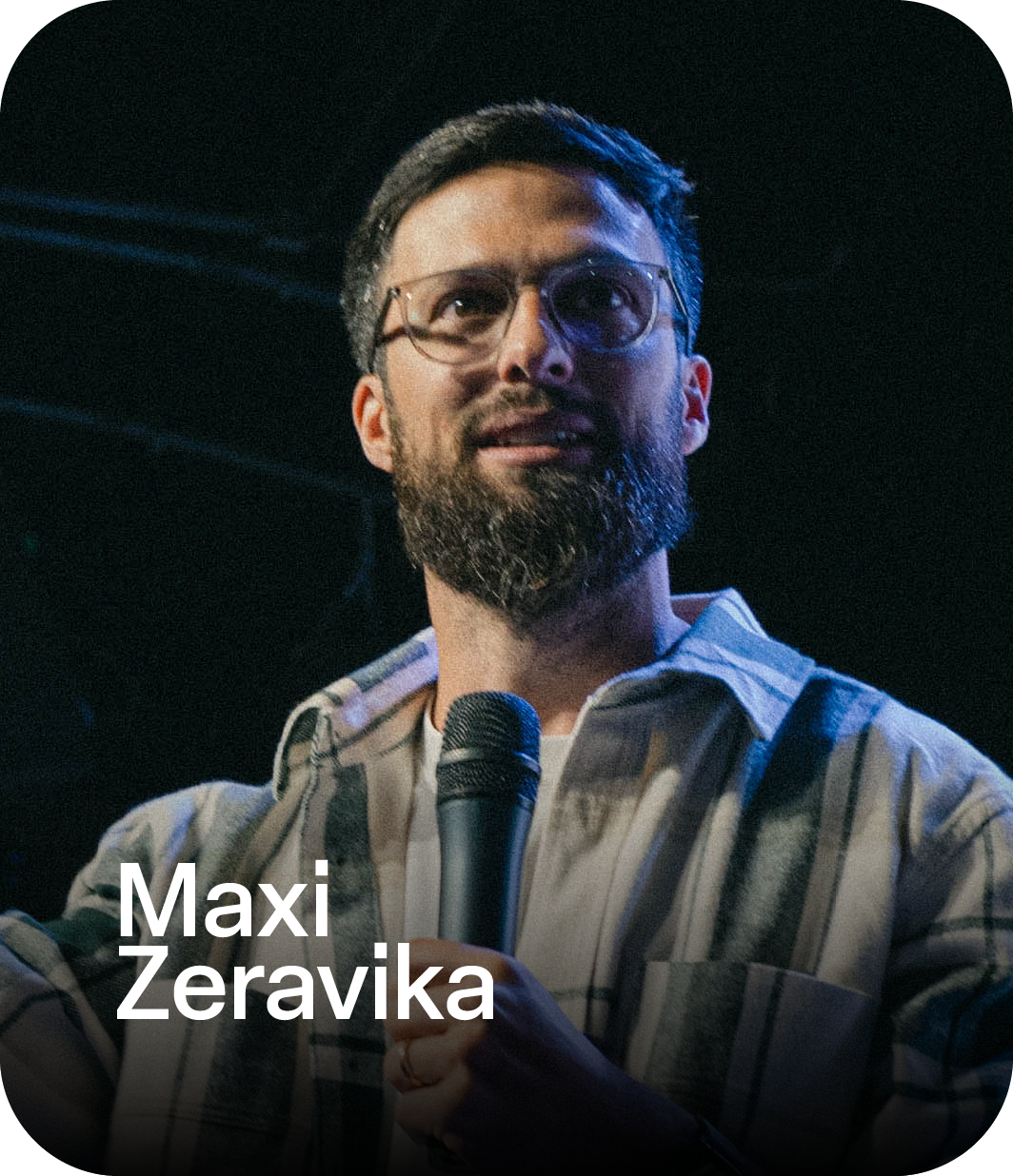 Maxi Zeravika es líder del staff principal de MiSion y profesor de diversas materias del instituto. Es parte del liderazgo del grupo de Jóvenes de la Iglesia El Encuentro en Luis Guillón y tiene una fuerte carga por preparar a la iglesia para atravesar en victoria las dinámicas de los últimos tiempos . Vive en Buenos Aires junto a su esposa Antonella y su hijo Manuel.
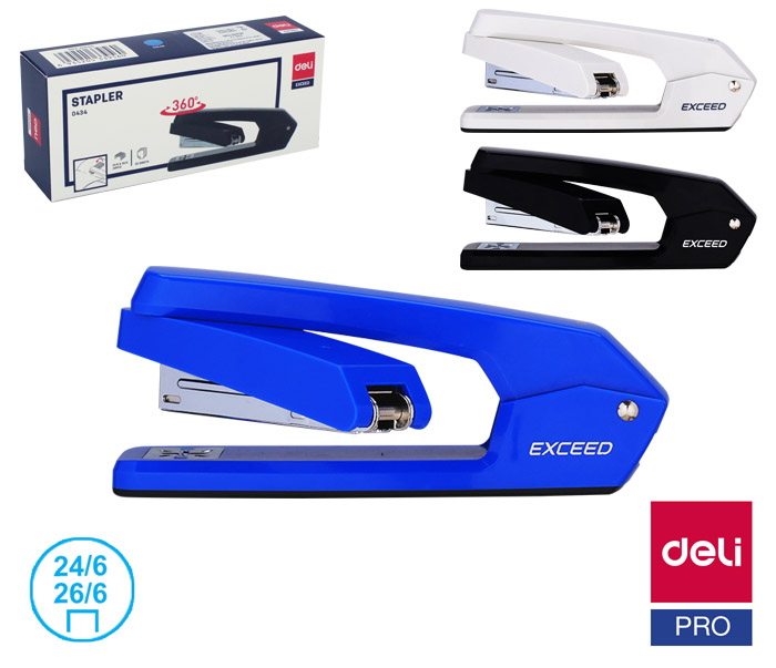 - drátky č.24/6, 26/6- sešití max 25 listů- 50 ks drátků- otočné sešívání ve 3 směrech- plastové tělo- kovové otočné rameno 360°- otočná kovadlina- pohodlné sešití sešitů uprostřed hřbetu- ukazatel množství drátků v sešívačce- mix barev
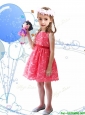 New Style Scoop Sashes and Lace Little Girl Pageant Dress in Coral Red
════════════════
What to work on
The whole listing should be reproduced exactly. Images don't go in.

Solved problem
 Maxi Zeravika es líder del staff principal de MiSion y profesor de diversas materias del instituto. Es parte del liderazgo del grupo de Jóvenes de la Iglesia El Encuentro en Luis Guillón y tiene una fuerte carga por preparar a la iglesia para atravesar en victoria las dinámicas de los últimos tiempos . Vive en Buenos Aires junto a su esposa Antonella y su hijo Manuel.
 - drátky č.24/6, 26/6- sešití max 25 listů- 50 ks drátků- otočné sešívání ve 3 směrech- plastové tělo- kovové otočné rameno 360°- otočná kovadlina- pohodlné sešití sešitů uprostřed hřbetu- ukazatel množství drátků v sešívačce- mix barev
 New Style Scoop Sashes and Lace Little Girl Pageant Dress in Coral Red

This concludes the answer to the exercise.